WHAT IS BEING ASKED —
Below is a listing with pictures in it; transcribe exactly the lines from the one that has "Hu Ma — der" through the one that has "Плетеную мебель делают", and omit those pictures.
──────────
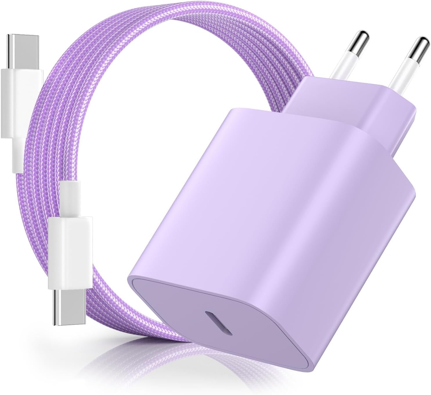 Chargeur pour iPhone Rapide, 20W PD3.0 Chargeur pour iPhone avec 2M Câble USB C, USB C Prise Charger Rapide pour Phone 16 Pro/16 Pro Max/16 Plus/15/15 Pro/15 Pro Max/15 Plus/Pad - Violet
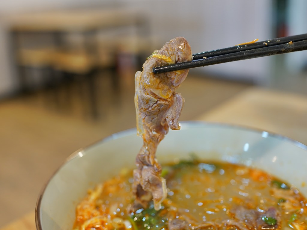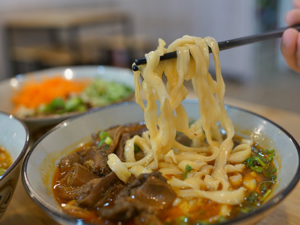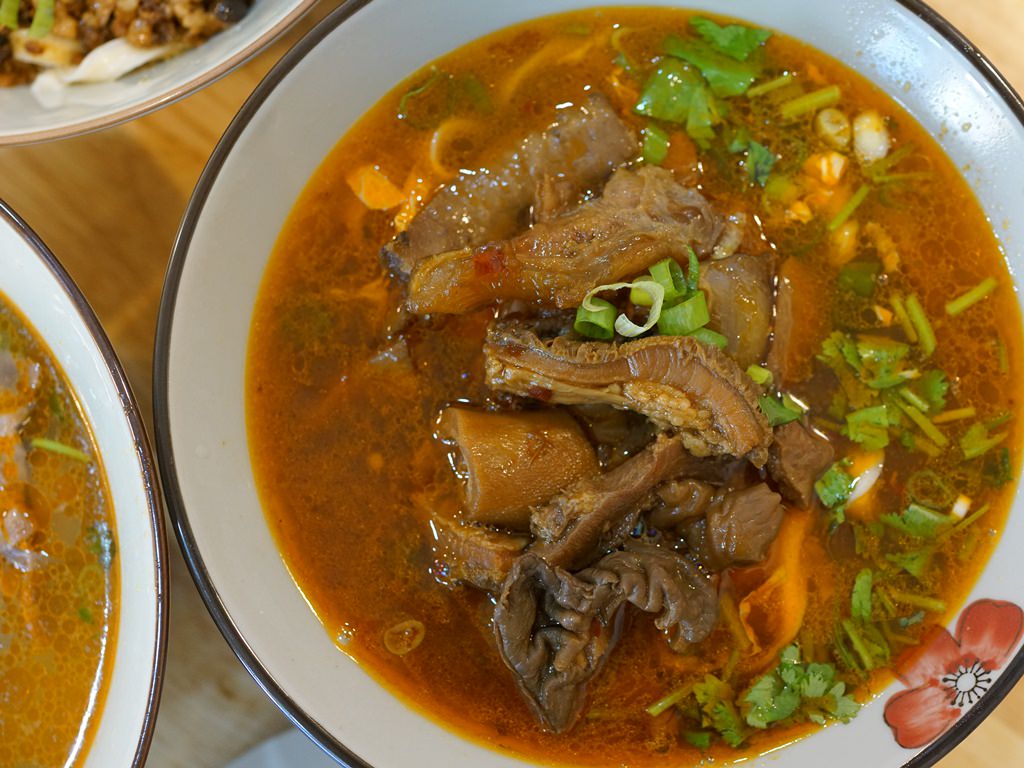 湯頭的部分跟淮南牛肉湯截然不同,這個喝起來又麻又辣,推薦給愛吃辣的朋友~牛雜的份量很多,每一個都很入味,牛肚與牛筋都軟Q好咬,麵條選用手工麵,吃起來Q彈有嚼勁!
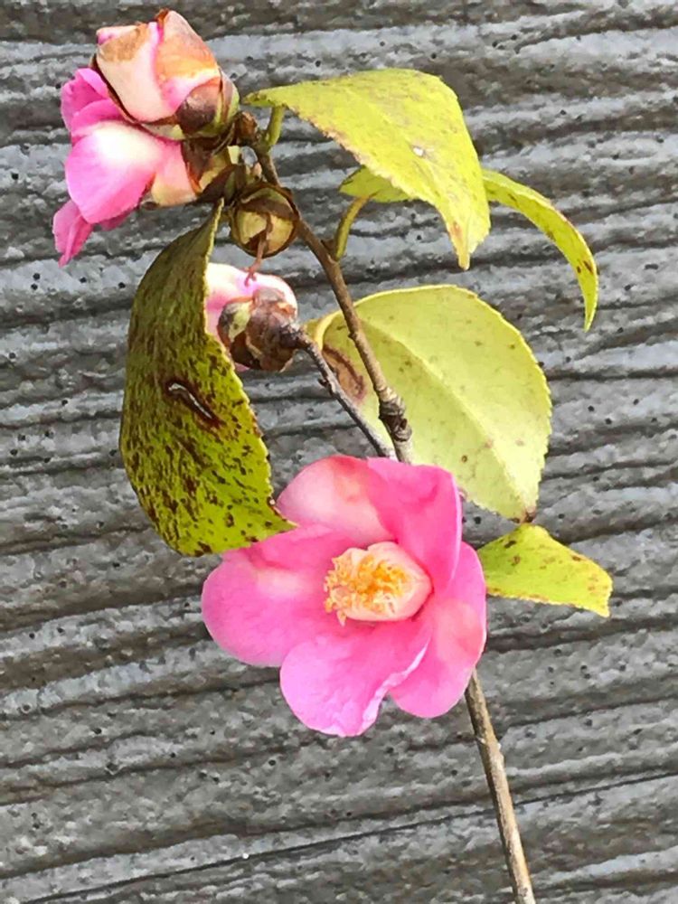 匂い椿の古都の香り。確かに良い香りがかすかに。400円の小苗を秋に購入し大雪にさらした為弱々しいお姿。次のシーズンこそは立派にしたい
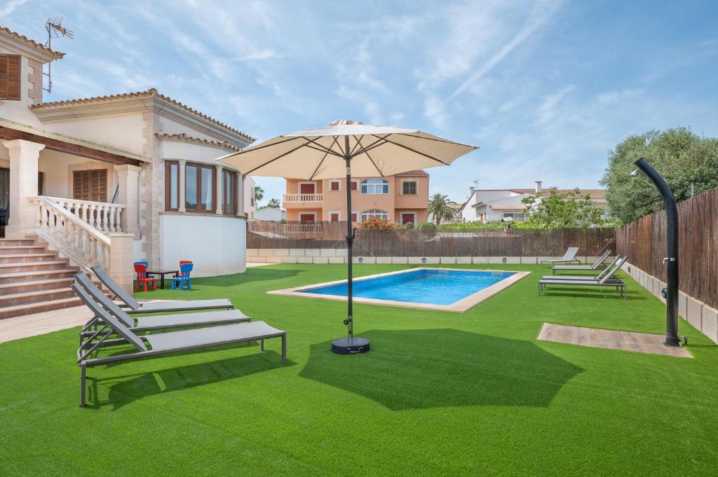 El Cas Fraus ofrece vistas a la piscina y alojamiento con terraza y hervidor de agua a unos 600 metros de la playa de Sa Coma. Esta villa cuenta con piscina privada, jardín y aparcamiento privado gratuito.
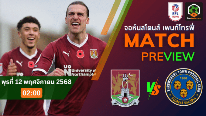 ศึก จอห์นสโตนส์ เพนท์โทรฟี่ กลุ่ม 11 คืนวันพุธที่ 12 พฤศจิกายน 2568 เวลา 02:00 น. ที่สนามซิกซ์ฟิลด์ส สเตเดี้ยม บ้านของ นอร์ทแธมป์ตัน ทาวน์ จะลุกเป็นไฟเมื่อเจ้าถิ่นจากลีกวันอันดับ 13 เปิดบ้านรับการมาเยือนของ ชรูว์สบิวรี่ ทาวน์ ทีมจากลีกทูอันดับ 23 เกมนี้ไม่ใช่แค่บอลถ้วยธรรมดา แต่คือเวทีพิสูจน์ตัวเองของทั้งสองสโมสร โดยเฉพาะเจ้าบ้านที่หวังใช้ถ้วยนี้เรียกความมั่นใจกลับมา ขณะที่ทีมเยือนต้องการล้มทีมจากดิวิชั่นสูงกว่าให้ได้ ราคาหน้าตลาดเปิดมาที่ นอร์ทแธมป์ตัน ต่อครึ่งลูก ถือว่ามีแรงหนุนจากการเล่นในถิ่นและชื่อชั้นที่เหนือกว่าเล็กน้อย แฟนบอลที่เปิดดู ตารางบอลวันนี้ ต้องวงกลมคู่นี้เอาไว้ เพราะรูปเกมมีโอกาสพลิกไปมาได้ทุกจังหวะ
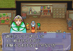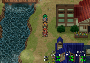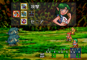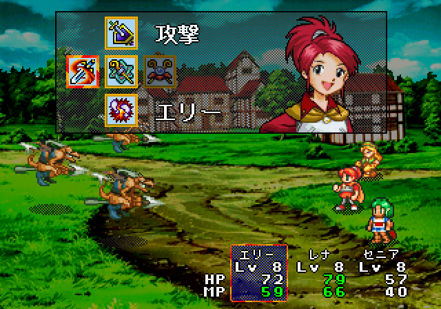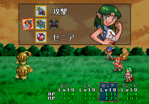 The battle scenes look like the other Lunar games, but it doesn’t quite play like them. Gone are the movement limitations and multiple turns, though area of effect spells are still present. It does boast six party members in combat at once, one more than the other Lunar games, and double the amount from the Game Gear game. As with before, much of the fighting is based on exploiting elemental weaknesses by using specific spells. Also new are fusion spells – if two characters use (pre-determined) compatible spells, the game will give a hint that you can learn something new. Then you trek back to one of the professors, who will then teach you that spell.
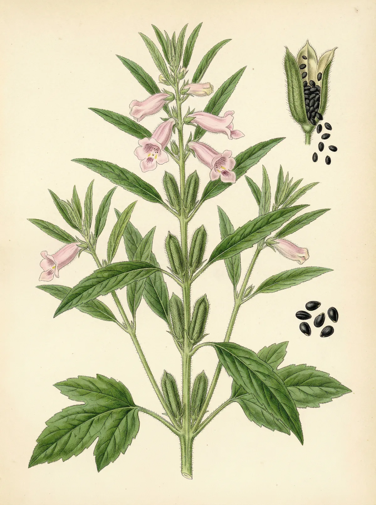 Hu Ma — der schwarze Sesamsamen — ist ein sanftes, nährendes Kraut der oberen Klasse, das seit Jahrtausenden sowohl als Arznei als auch als Lebensmittel geschätzt wird. In der TCM nährt er das Yin von Leber und Niere, befeuchtet den Darm und stärkt Haare, Haut und Knochen. Der schwarze Sesam gilt als die medizinisch wertvollere Variante gegenüber dem weißen Sesam.
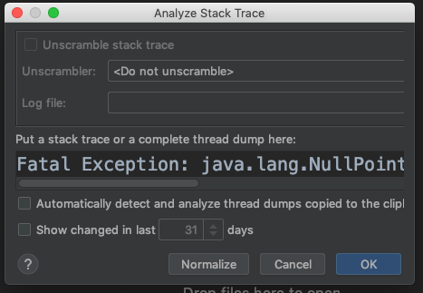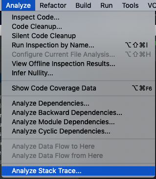 안드로이드 스튜디오의 Analyze > Analyze Stack Track로 이동합니다.
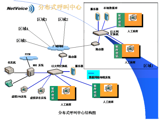 由于代理技能差異、語言差異、呼叫量的差異,以及客戶中心客戶所在地的變化及每個客戶對各自所擁有的用戶資料的保密性需求,分布式呼叫中心往往更適合各類企業(yè)的實際。分布式呼叫中心的建立,意味著需要在多個分中心之間進行統(tǒng)一的呼叫控制及語音與同步數(shù)據(jù)轉(zhuǎn)移。NBX網(wǎng)絡(luò)交換機的引入,兩網(wǎng)合一的特性使分布式呼叫中心的建立成為了一件非常容易的事情。呼叫中心可以擴展到多個位于不同地域的局域網(wǎng)上,通過路由選擇可以自動地把呼叫( 話音)和數(shù)據(jù)從一個地點轉(zhuǎn)到另一個地點中心,因為語音數(shù)據(jù)通過同一網(wǎng)絡(luò),語音和數(shù)據(jù)同步轉(zhuǎn)移是很自然的。由于數(shù)據(jù)和語音全部通過以太網(wǎng)傳輸,所以不用支付昂貴的長途話費,降低了企業(yè)及客戶的開銷,同時由于各用戶可將各自的客戶資料保存在各分中心,這樣不僅大大降低了呼叫中心對數(shù)據(jù)庫的維護管理工作,也節(jié)約了設(shè)備投入及運營成本。
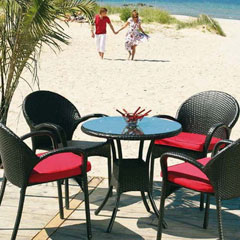Плетеную мебель делают не только из натуральных материалов, но и из современных полимеров. В качестве каркаса в такой мебели используется алюминиевая или стальная труба. Затем каркас оплетается разноцветными пластиковыми шнурами. Эти изделия можно мыть, и они имеют большой срок службы.
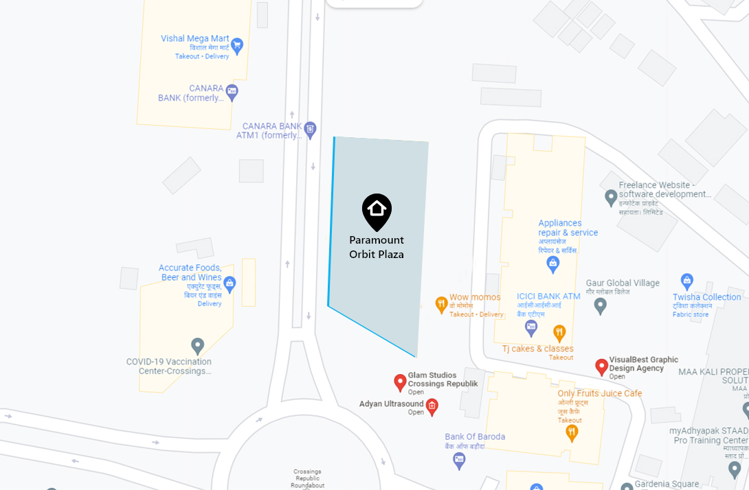 Enjoying a prime location in Crossings Republik and close proximity to Noida, Greater Noida, New Delhi, airport, road, and rail terminals, Orbit Plaza caters to a captive clientele of more than thousands of residents of Crossing Republik, assisting in the management of their daily needs.
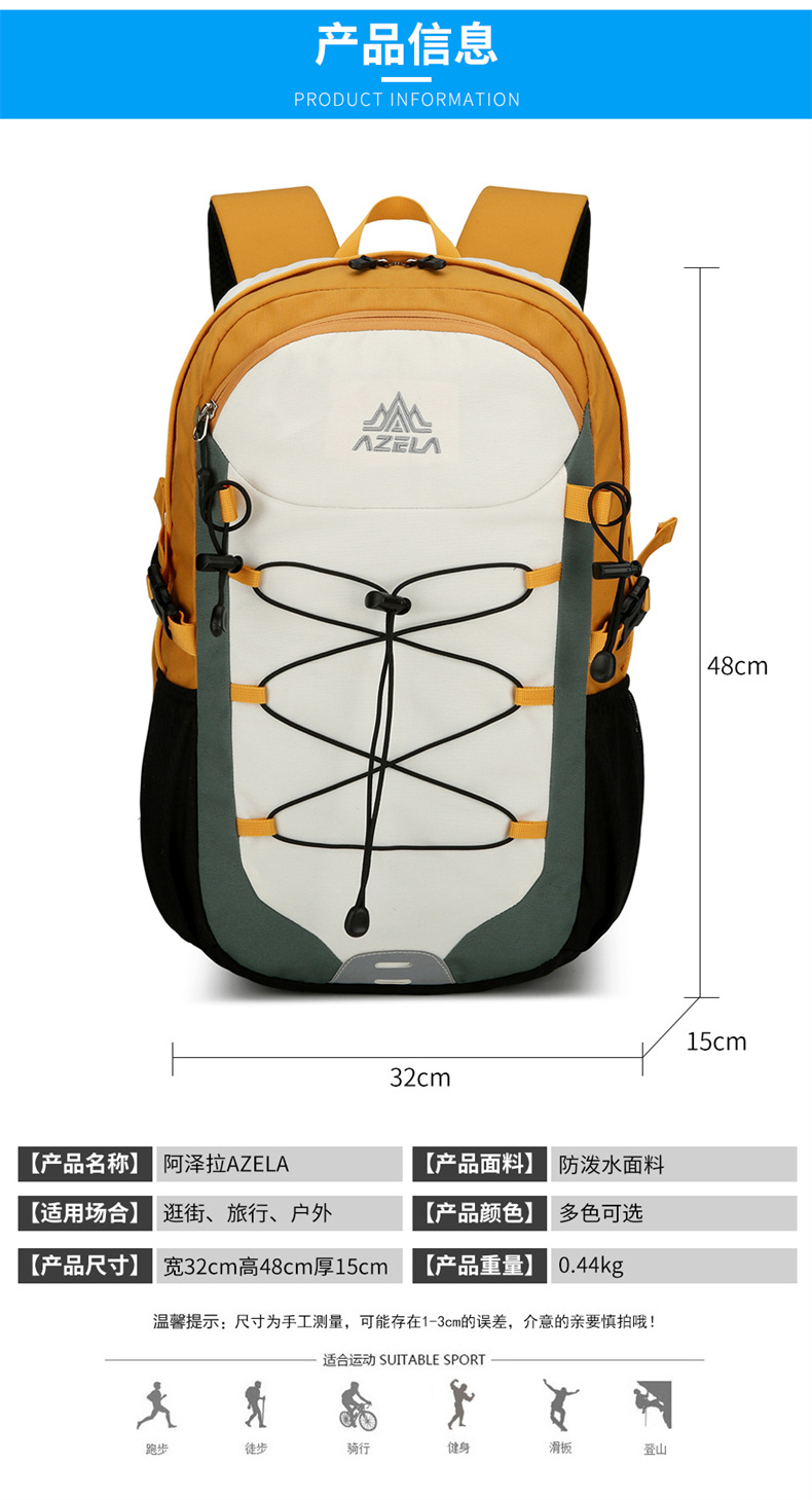 Azera 배낭 스포츠 야외 등산 배낭 라이트급 캐주얼 대용량 하이킹 등산 가방 국경
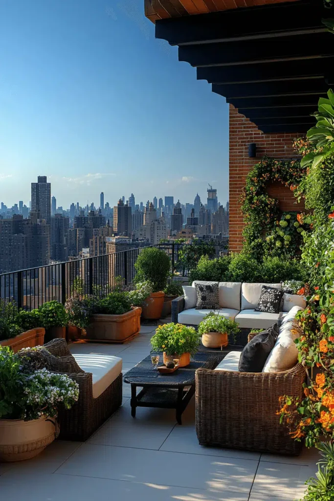 This image showcases a stylish rooftop terrace high above a sprawling city skyline, featuring comfortable wicker patio furniture, large terracotta planters filled with greenery, and brick walls covered in climbing vines. The design masterfully softens the harsh urban environment by layering natural materials like wicker, terracotta, and rich green plants against the backdrop of glass and concrete. The mood is one of sophisticated escape; it feels like a private, luxurious, and super-cozy lounge space where you can enjoy the stunning cityscape in complete comfort. Even on a small balcony, you can create a similar refuge by clustering several potted plants and choosing one or two pieces of comfortable, weather-resistant seating.
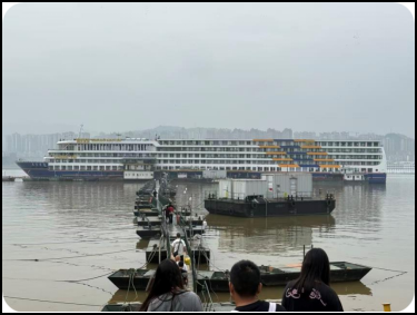 10 月 1 日的宜昌烟雨朦胧,当我站在茅坪港码头眺望江面时,一艘蓝白相间的巨轮正静静等候 —— 这便是 9 月 28 日才首航的美维凯璇号,长江首艘搭载光伏发电系统的豪华游轮。
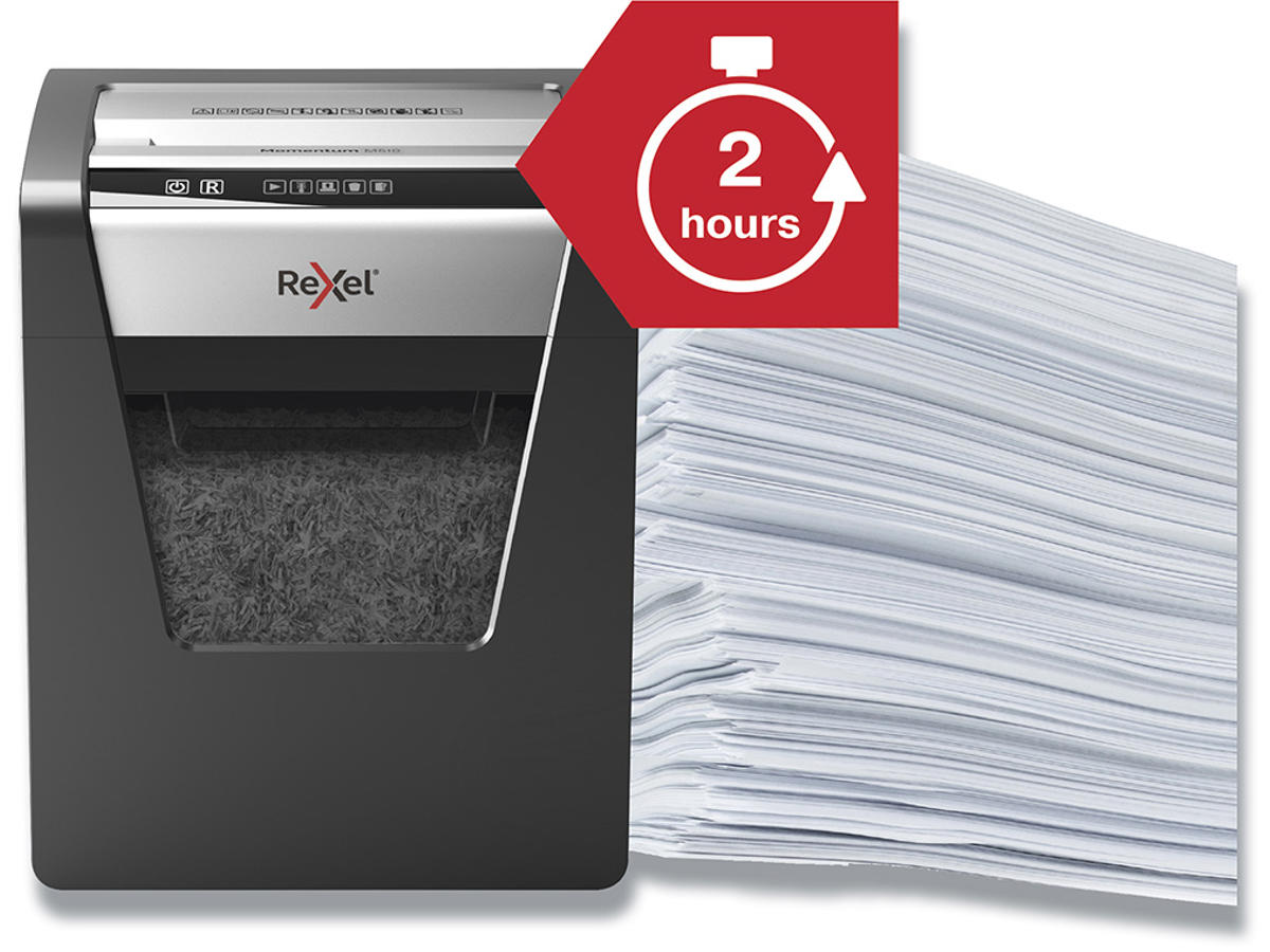 Kraften til at makulere mere! Rexel Momentum M510 makuleringsmaskine makulerer op til 10 ark på en gang med hele 2 timers konstant makuleringstid. Ideel til mindre kontorer. M510 er med antiblokeringsteknologi, der garanterer uafbrudt makulering. P5, mikromakulering i 2x15 mm stykker giver højere sikkerhed og mere makulering, før beholder er fuld. Stille med intuitive touch kontrolknapper, der giver enkel betjening. Med 23 liter beholder med 250 A4 ark kapacitet. Egenskaber
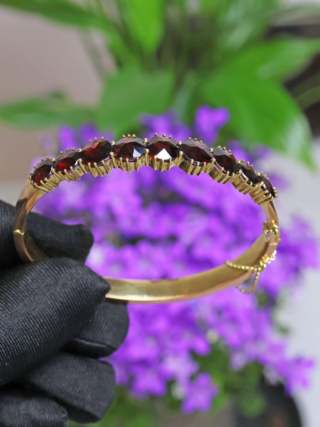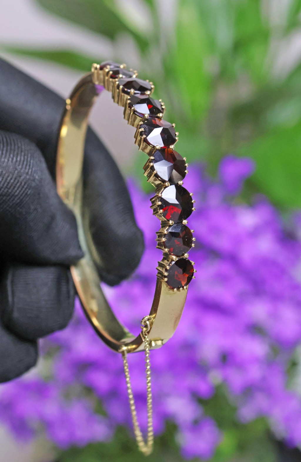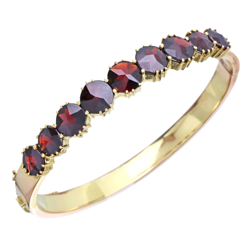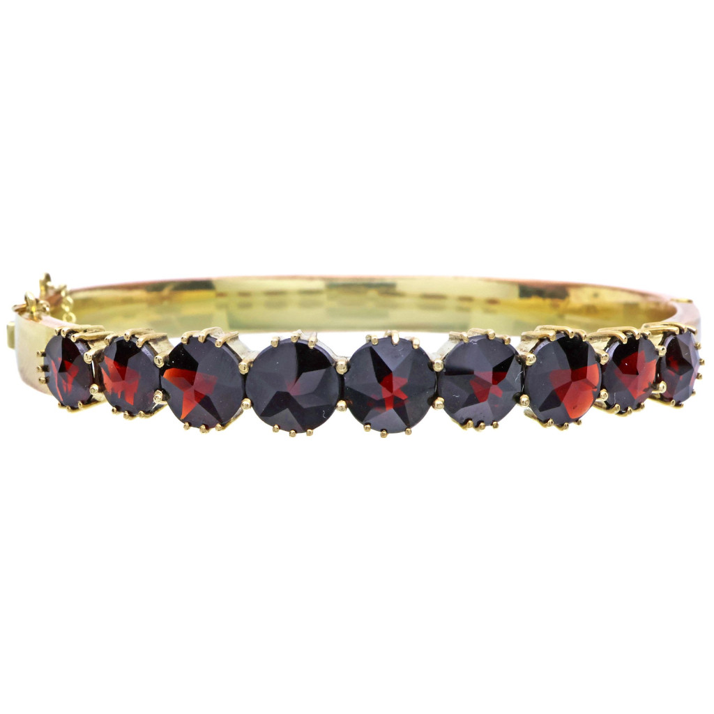 Vintage náramek z tombaku z 60. let 20. století, pozlacený a zdobený velkými broušenými granáty.
──────────
COMPLETED EXERCISE —
 Hu Ma — der schwarze Sesamsamen — ist ein sanftes, nährendes Kraut der oberen Klasse, das seit Jahrtausenden sowohl als Arznei als auch als Lebensmittel geschätzt wird. In der TCM nährt er das Yin von Leber und Niere, befeuchtet den Darm und stärkt Haare, Haut und Knochen. Der schwarze Sesam gilt als die medizinisch wertvollere Variante gegenüber dem weißen Sesam.
 안드로이드 스튜디오의 Analyze > Analyze Stack Track로 이동합니다.
 由于代理技能差異、語言差異、呼叫量的差異,以及客戶中心客戶所在地的變化及每個客戶對各自所擁有的用戶資料的保密性需求,分布式呼叫中心往往更適合各類企業(yè)的實際。分布式呼叫中心的建立,意味著需要在多個分中心之間進行統(tǒng)一的呼叫控制及語音與同步數(shù)據(jù)轉(zhuǎn)移。NBX網(wǎng)絡(luò)交換機的引入,兩網(wǎng)合一的特性使分布式呼叫中心的建立成為了一件非常容易的事情。呼叫中心可以擴展到多個位于不同地域的局域網(wǎng)上,通過路由選擇可以自動地把呼叫( 話音)和數(shù)據(jù)從一個地點轉(zhuǎn)到另一個地點中心,因為語音數(shù)據(jù)通過同一網(wǎng)絡(luò),語音和數(shù)據(jù)同步轉(zhuǎn)移是很自然的。由于數(shù)據(jù)和語音全部通過以太網(wǎng)傳輸,所以不用支付昂貴的長途話費,降低了企業(yè)及客戶的開銷,同時由于各用戶可將各自的客戶資料保存在各分中心,這樣不僅大大降低了呼叫中心對數(shù)據(jù)庫的維護管理工作,也節(jié)約了設(shè)備投入及運營成本。
Плетеную мебель делают не только из натуральных материалов, но и из современных полимеров. В качестве каркаса в такой мебели используется алюминиевая или стальная труба. Затем каркас оплетается разноцветными пластиковыми шнурами. Эти изделия можно мыть, и они имеют большой срок службы.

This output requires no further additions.